A grayscale real-time ultrasound machine (ACUSON X600) with a 3.5MHz convex transducer (SIEMENS, model 10,789,636, manufactured in 2016) was used in this study. Although the ultrasound machine was <10 years old, an ultrasound equipment engineer carried out performance checks before the study began and reported that the machine was in optimal working condition. A medical physicist also examined the machine and ensured optimal resolution.

Sonographic examination

Sonographic examinations and measurements of fetal parameters were performed using standardized protocols already described.^{[34],[35],[36]} To commence examination, the patient laid supine on the examination couch and exposed her abdomen from the xiphisternum to the pubic symphysis after which ultrasonic gel was liberally applied to the exposed portion.^[37]
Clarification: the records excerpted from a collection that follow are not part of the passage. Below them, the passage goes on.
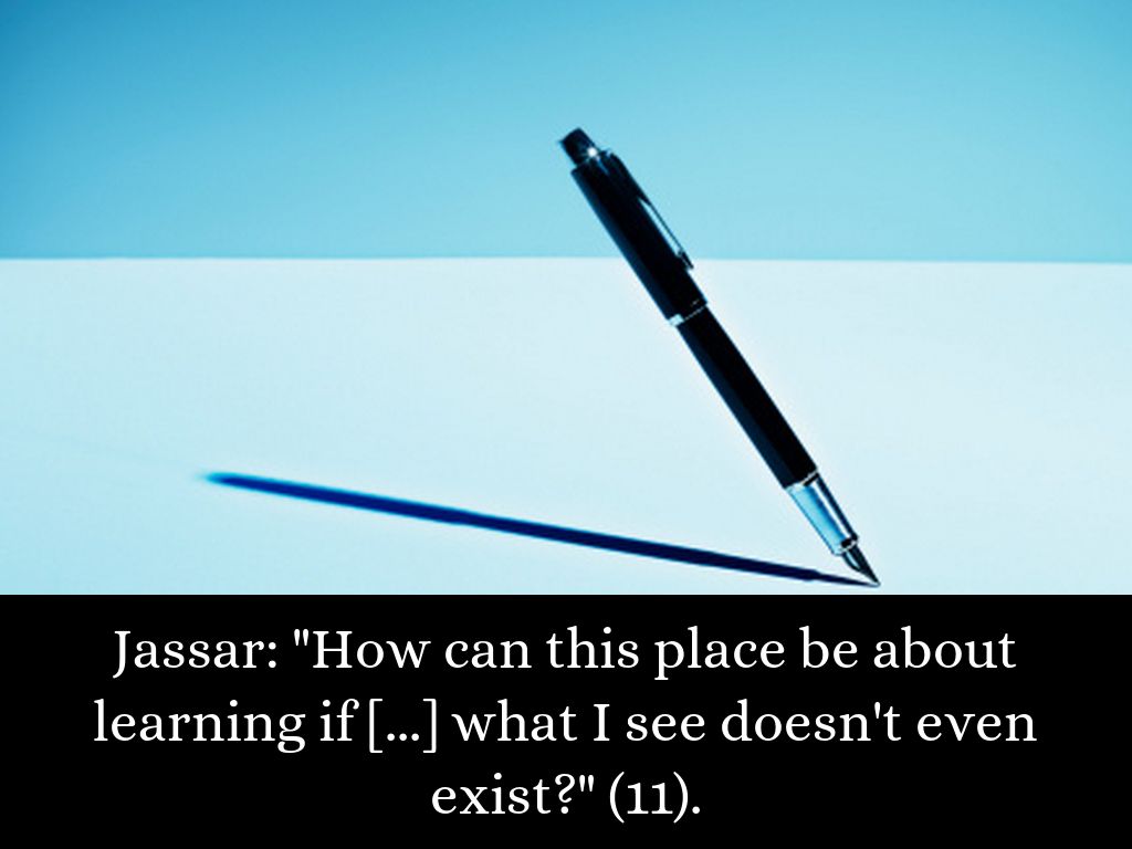 Jassar: "How can this place be about learning if [...] what I see doesn't even exist?" (11).
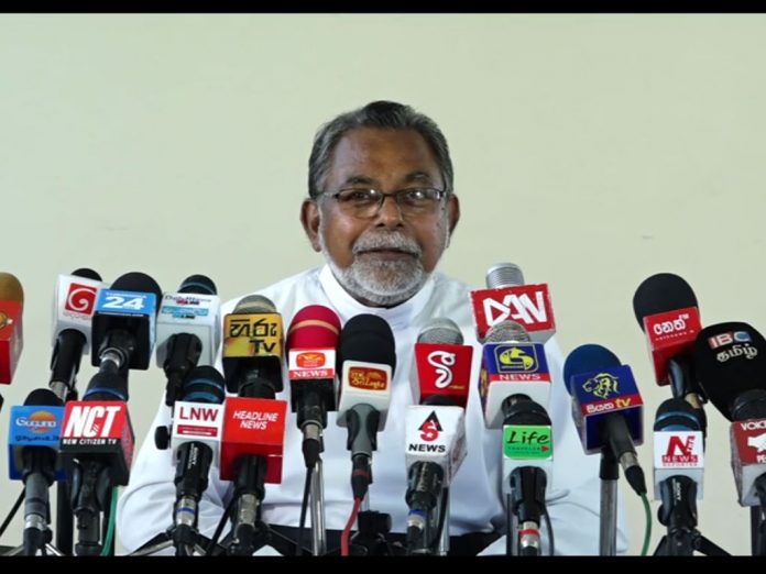 Reverend Father Cyril Gamini speaking to the briefing held at the Archbishop’s House today (28) responded to the claim made by former President Sirisena on the Easter Sunday Massacre, stating that there is no need to swear before the public about his ‘unawareness’ of the attack and that he should be appearing before law and proving his innocence.
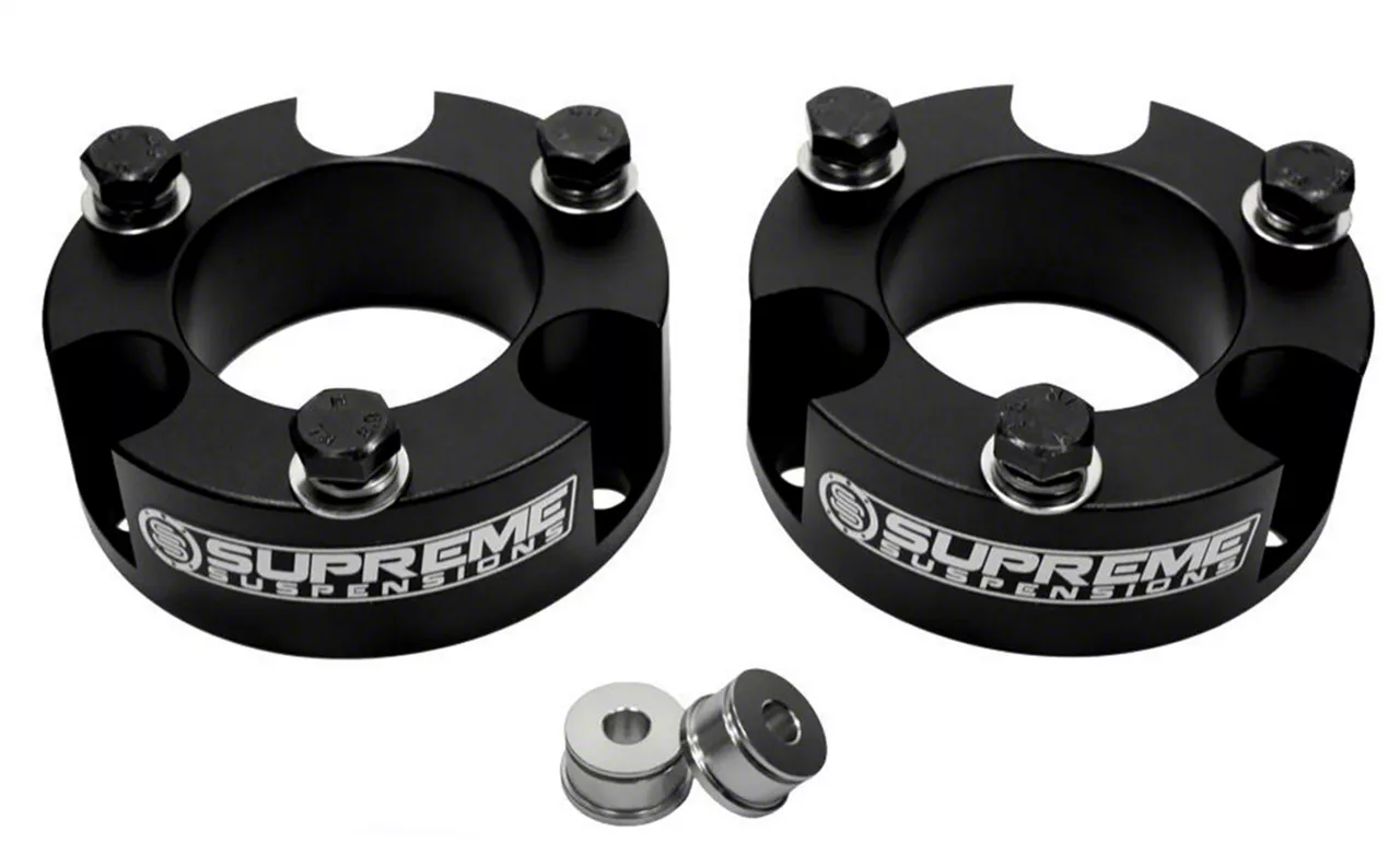 Hassle-Free Bolt-On Installation Without Modifications. Supreme Suspensions 3-Inch Pro Billet Strut Spacers will bolt-on directly to your Tacoma’s front struts without modification. These spacers include mounting hardware for a hassle-free install procedure. Please note that a wheel alignment is recommended after installation.
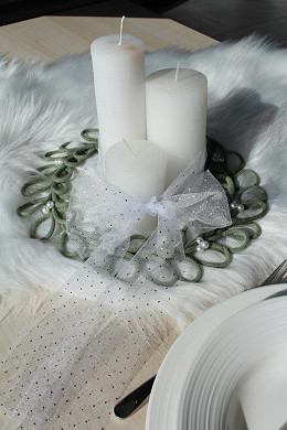 Široká tylová stuha je po celé délce ozdobená stříbrnými puntíčky, díky kterým se elegantně třpytí. Je oboustranná, velice poutavá, tyl dodává stuze vzdušnost a lehkost, což ji činí ideální pro různé dekorační účely. Použití: Stuhu využijete při různých slavnostních příležitostech (například na svatbě) jako dekoraci na židle, stoly, auta, manžety květin apod. Můžete z ní vyrobit i jednoduché mašle, stuha dobře drží tvar. Je také vynikající na balení dárků, kterým dodá luxusní vzhled.
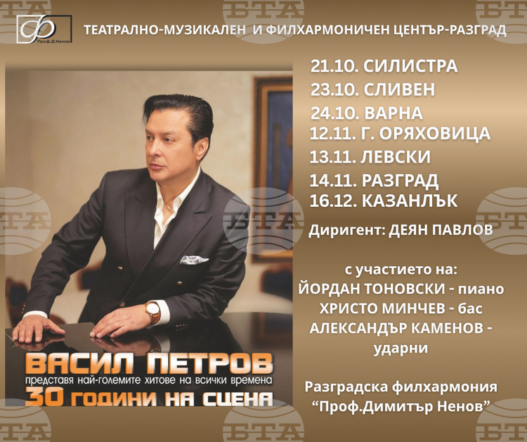 Васил Петров стартира нова концертна програма и ще обиколи страната заедно с Разградската филхармония „Проф. Димитър Ненов“ под диригентството на маестро Деян Павлов, съобщават от екипа на изпълнителя. В рамките на инициативата, наречена „30 години на сцена“, Петров ще изпълнява симфонични версии на емблематични песни и вечни класики. Сред тях са хитове на The Beatles, Франк Синатра, Kiss, както и композиции на Антонио Карлос Жобим, Франсис Лей и Франки Вали. Програмата включва и латино теми, както и мелодии от емблематични филми като тези на Чарли Чаплин, „Мисия невъзможна“, „Карибски пирати“, „Властелинът на пръстените“ и „Междузвездни войни“. Специално място заема и песента му „Другият“, адаптирана в нова симфонична версия.
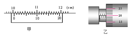 甲图中游标卡尺的读数是?cm。乙图中螺旋测微器的读数是?mm。
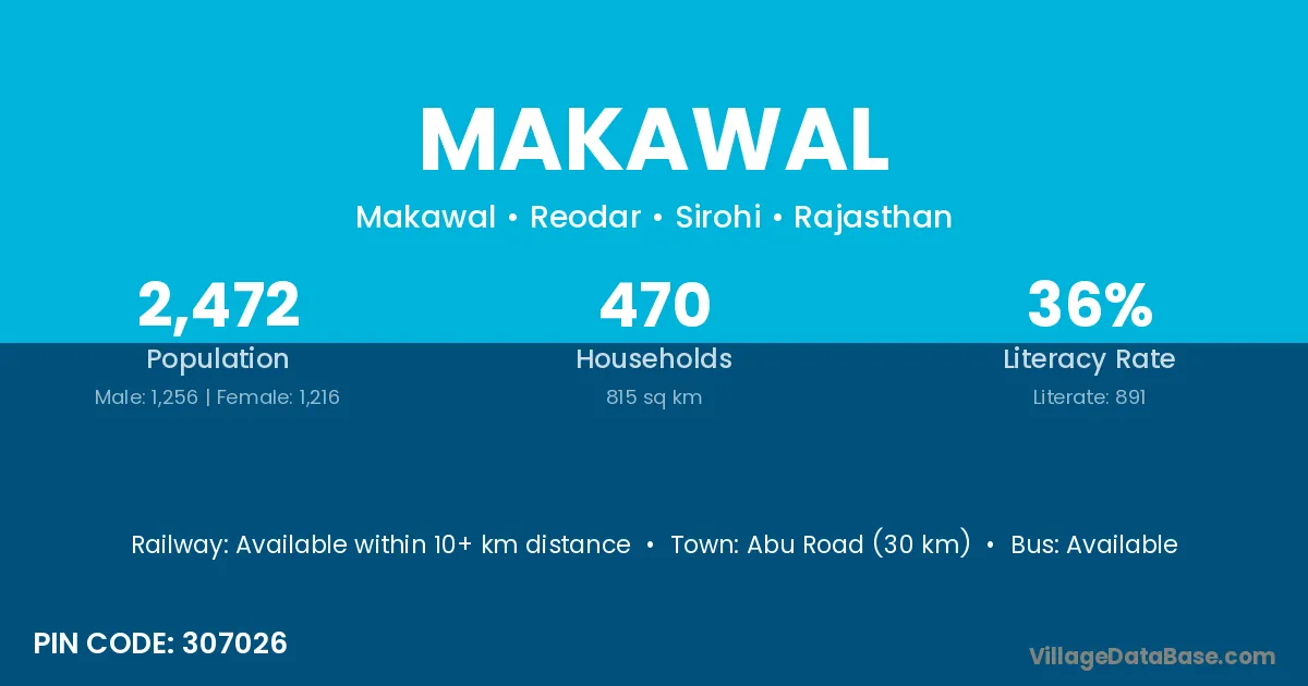 Abu Road (30 km) is the nearest town to Makawal village for major economic activities and is located approximately 30 km away.
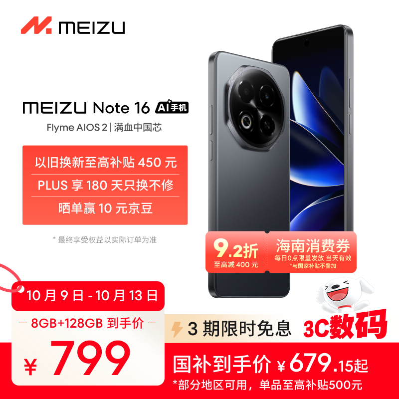 魅族(MEIZU)Note 16 AI手机 8GB+128GB 磐石黑 满血中国芯 6600mAh大电池 120Hz
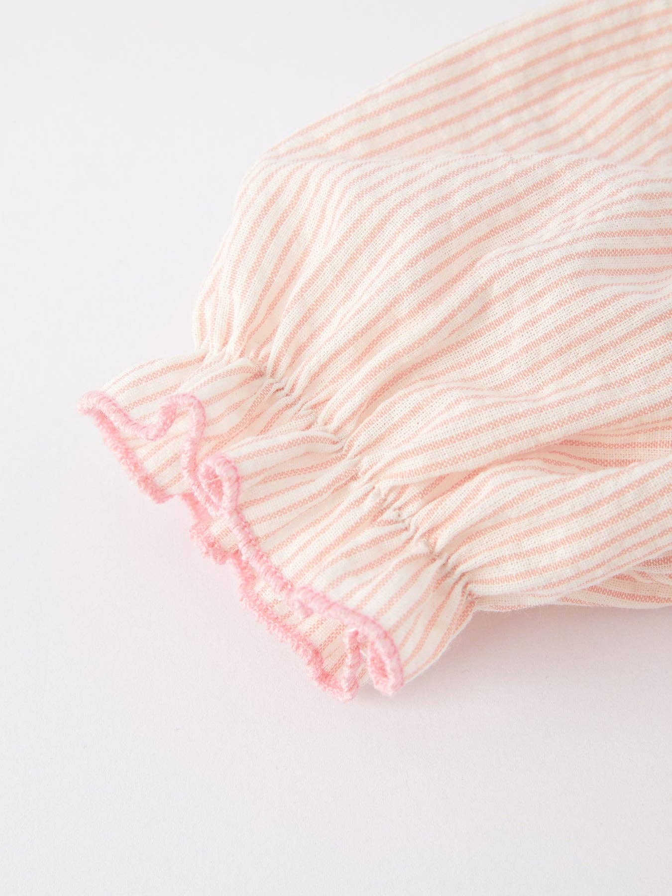 Celebrate love and style with our Valentine's Day Baby Girls Romper. Featuring a sweet heart smocking and charming embroidered stripes, this romper is perfect for your little one's first Valentine's Day outfit. Show your love with this adorable and unique romper! SKU:RPG50036 Material:100% cotton

Measurement of biparietal diameter and head circumference

For BPD, a transverse scan image of the fetal skull that showed a midline echo of the falx cerebri and which also showed the thalamus and the cavum septum pellucidum in the midline [Figure 1] was obtained. The cursor was placed at the outer aspect of the near side echo close to the transducer and then moved using the trackball to the inner aspect of the far side echo. A line drawn at the right angle to the midline echoes from the outer to inner aspects of the two temporoparietal bones representing the BPD. HC, on the other hand, was measured from the same BPD image as the perimeter of the fetal skull [Figure 1].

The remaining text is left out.